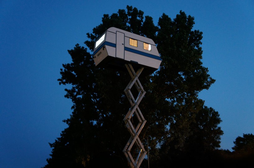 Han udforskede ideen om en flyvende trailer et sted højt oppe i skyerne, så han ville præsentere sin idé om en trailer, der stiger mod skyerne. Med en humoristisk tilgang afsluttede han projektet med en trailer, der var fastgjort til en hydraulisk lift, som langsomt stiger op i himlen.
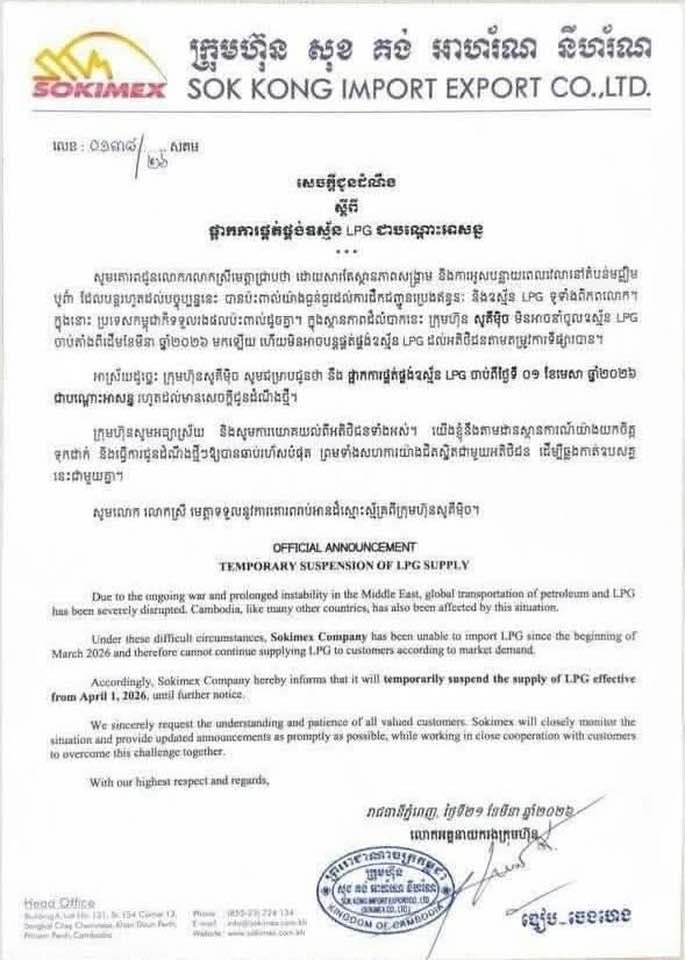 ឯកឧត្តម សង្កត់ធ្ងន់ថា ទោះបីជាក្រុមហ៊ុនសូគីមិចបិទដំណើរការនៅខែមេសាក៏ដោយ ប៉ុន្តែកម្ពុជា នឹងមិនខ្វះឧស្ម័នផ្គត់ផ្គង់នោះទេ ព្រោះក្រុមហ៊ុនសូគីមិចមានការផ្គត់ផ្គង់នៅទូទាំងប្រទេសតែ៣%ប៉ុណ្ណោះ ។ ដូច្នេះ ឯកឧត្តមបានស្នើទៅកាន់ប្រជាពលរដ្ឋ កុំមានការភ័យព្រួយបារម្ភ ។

────────────────────────────────────────

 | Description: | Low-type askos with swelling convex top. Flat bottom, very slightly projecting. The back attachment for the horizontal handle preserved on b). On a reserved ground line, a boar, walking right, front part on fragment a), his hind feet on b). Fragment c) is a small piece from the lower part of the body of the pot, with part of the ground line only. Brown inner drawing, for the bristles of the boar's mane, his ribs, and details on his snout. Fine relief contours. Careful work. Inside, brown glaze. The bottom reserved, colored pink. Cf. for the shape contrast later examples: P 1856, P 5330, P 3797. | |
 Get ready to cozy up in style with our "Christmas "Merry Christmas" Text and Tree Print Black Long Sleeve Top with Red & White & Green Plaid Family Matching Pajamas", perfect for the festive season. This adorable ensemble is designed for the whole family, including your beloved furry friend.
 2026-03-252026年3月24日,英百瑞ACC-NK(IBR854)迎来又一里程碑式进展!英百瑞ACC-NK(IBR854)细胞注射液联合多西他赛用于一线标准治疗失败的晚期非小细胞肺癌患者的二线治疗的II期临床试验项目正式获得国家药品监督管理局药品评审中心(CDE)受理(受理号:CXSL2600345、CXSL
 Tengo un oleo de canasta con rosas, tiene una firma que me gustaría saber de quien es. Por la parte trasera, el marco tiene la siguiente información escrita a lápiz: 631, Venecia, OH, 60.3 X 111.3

────────────────────────────────────────

**Activity:**
What are the lines, exactly as written above, from the line with "2026-03-252026" to the line with "Tengo un oleo", both included? Output only those.

**The completed task:**
 2026-03-252026年3月24日,英百瑞ACC-NK(IBR854)迎来又一里程碑式进展!英百瑞ACC-NK(IBR854)细胞注射液联合多西他赛用于一线标准治疗失败的晚期非小细胞肺癌患者的二线治疗的II期临床试验项目正式获得国家药品监督管理局药品评审中心(CDE)受理(受理号:CXSL2600345、CXSL
 Tengo un oleo de canasta con rosas, tiene una firma que me gustaría saber de quien es. Por la parte trasera, el marco tiene la siguiente información escrita a lápiz: 631, Venecia, OH, 60.3 X 111.3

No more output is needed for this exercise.